Each therapeutic direction is scored on a 0-10 scale across seven dimensions (max 70 points):
| Dimension | Description |
|---|---|
| Mechanistic Clarity | How well we understand WHY this works at the molecular level |
| Clinical Evidence | Human data supporting efficacy (Phase 2/3 trials, biomarkers) |
| Delivery Feasibility | Can we get the drug to the right brain region at therapeutic dose? |
| Safety Profile | Risk/benefit for a chronic disease in elderly patients |
| Combinability | Can this be combined with other approaches for additive/synergistic effect? |
| Timeline to Impact | How soon could this meaningfully help patients? |
| Disease-Modifying Potential | Does this slow progression, halt, or reverse pathology? |
| Rank | Direction | Disease | Mechanistic Clarity | Clinical Evidence | Delivery | Safety | Combinability | Timeline | Disease-Modifying | Total |
|---|---|---|---|---|---|---|---|---|---|---|
| 1 | GLP-1/GIP Agonists | AD/PD | 8 | 8 | 9 | 9 | 9 | 7 | 7 | 57 |
| 2 | TREM2 Agonists | AD | 9 | 6 | 6 | 7 | 7 | 6 | 9 | 50 |
| 3 | Anti-Synuclein Immunotherapy | PD/DLB | 8 | 6 | 7 | 8 | 7 | 6 | 7 | 50 |
| 4 | LRRK2 Inhibitors | PD | 8 | 5 | 7 | 8 | 7 | 5 | 6 | 46 |
| 5 | Senolytics | AD/PD | 7 | 6 | 7 | 7 | 7 | 5 | 8 | 47 |
| Rank | Direction | Disease | Mechanistic Clarity | Clinical Evidence | Delivery | Safety | Combinability | Timeline | Disease-Modifying | Total |
|---|---|---|---|---|---|---|---|---|---|---|
| 6 | Microglial Reprogramming | AD/PD/ALS | 7 | 4 | 6 | 7 | 7 | 5 | 8 | 44 |
| 7 | NLRP3 Inflammasome Inhibitors | AD/PD | 7 | 5 | 6 | 7 | 7 | 5 | 7 | 44 |
| 8 | Autophagy Enhancers | AD/PD/ALS | 7 | 4 | 6 | 7 | 7 | 4 | 8 | 43 |
| 9 | NAD+ Boosters | AD/PD | 7 | 5 | 7 | 8 | 6 | 5 | 6 | 44 |
| 10 | Gene Therapy (AAV) | PD | 7 | 5 | 5 | 6 | 6 | 4 | 8 | 41 |
| Rank | Direction | Disease | Mechanistic Clarity | Clinical Evidence | Delivery | Safety | Combinability | Timeline | Disease-Modifying | Total |
|---|---|---|---|---|---|---|---|---|---|---|
| 11 | c-Abl Inhibitors | PD | 7 | 4 | 6 | 7 | 6 | 4 | 6 | 40 |
| 12 | Sigma-1 Agonists | AD/PD | 6 | 5 | 7 | 7 | 6 | 5 | 5 | 41 |
| 13 | Iron Chelators | PD/PDC | 6 | 4 | 7 | 7 | 6 | 4 | 5 | 39 |
| 14 | Exosome Therapies | AD/PD | 5 | 3 | 5 | 6 | 6 | 3 | 7 | 35 |
| 15 | Anti-TDP-43 ASOs | ALS/FTD | 8 | 4 | 5 | 6 | 5 | 4 | 7 | 39 |
Mechanistic Clarity (8/10): GLP-1 receptors are expressed in the brain, particularly in the hippocampus and basal ganglia. Activation reduces neuroinflammation through cAMP/PKA signaling, promotes synaptic plasticity via PI3K/Akt pathways, and reduces apoptotic cell death. GIP receptors add another incretin mechanism with potential neuroprotective effects[1].
Clinical Evidence (8/10):
Delivery Feasibility (9/10): Subcutaneous injection established; oral formulations under development (semaglutide oral)

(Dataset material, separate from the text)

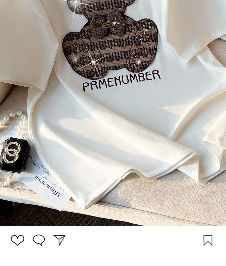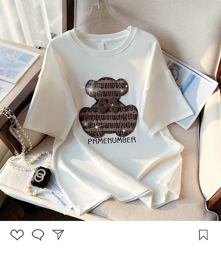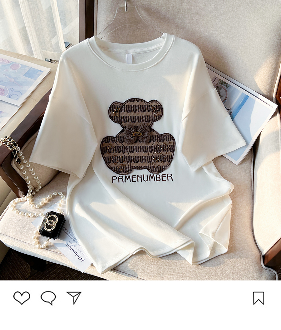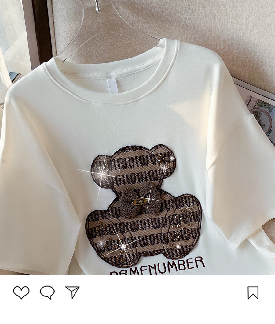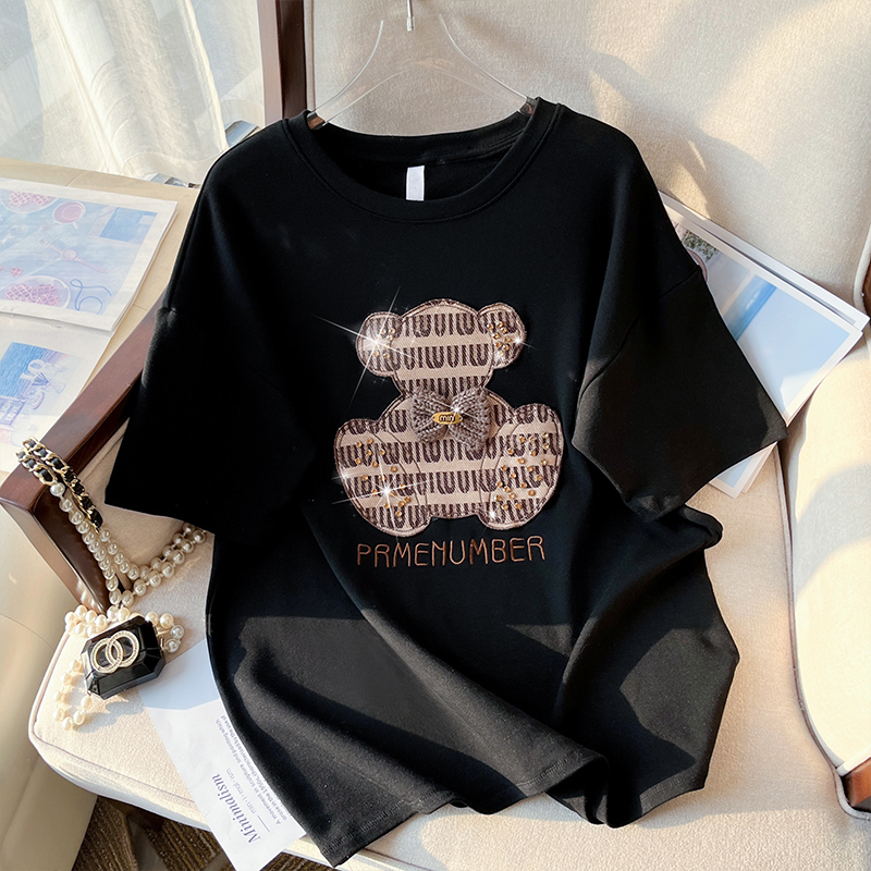 PF3529#新款重工钉珠蝴蝶结小熊纯棉短袖休闲T恤女

Safety Profile (9/10): Well-characterized safety from diabetes indication; GI side effects manageable
Combinability (9/10): Can combine with standard of care; orthogonal mechanism (inflammation reduction) adds to symptomatic treatments
Timeline to Impact (7/10): Phase 3 trials ongoing; potential approval within 2-4 years
Disease-Modifying (7/10): Preclinical data suggests modification of core pathology; clinical proof pending
Cross-Disease Opportunity: One of the few approaches with strong evidence in both AD and PD
Mechanistic Clarity (9/10): TREM2 is a microglial receptor that modulates phagocytosis of amyloid plaques and inflammatory responses. Agonists enhance microglial clearance function while reducing pro-inflammatory signaling[2].
Clinical Evidence (6/10): AL002 (TREM2 agonist) showing safety and biomarker signals in Phase 1/2; AL003 (antibody) demonstrating target engagement
Delivery Feasibility (6/10): Monoclonal antibody requires IV infusion
Safety Profile (7/10): Generally well-tolerated; ARIA risk requires monitoring
Combinability (7/10): Synergistic with anti-amyloid antibodies (complements different mechanisms)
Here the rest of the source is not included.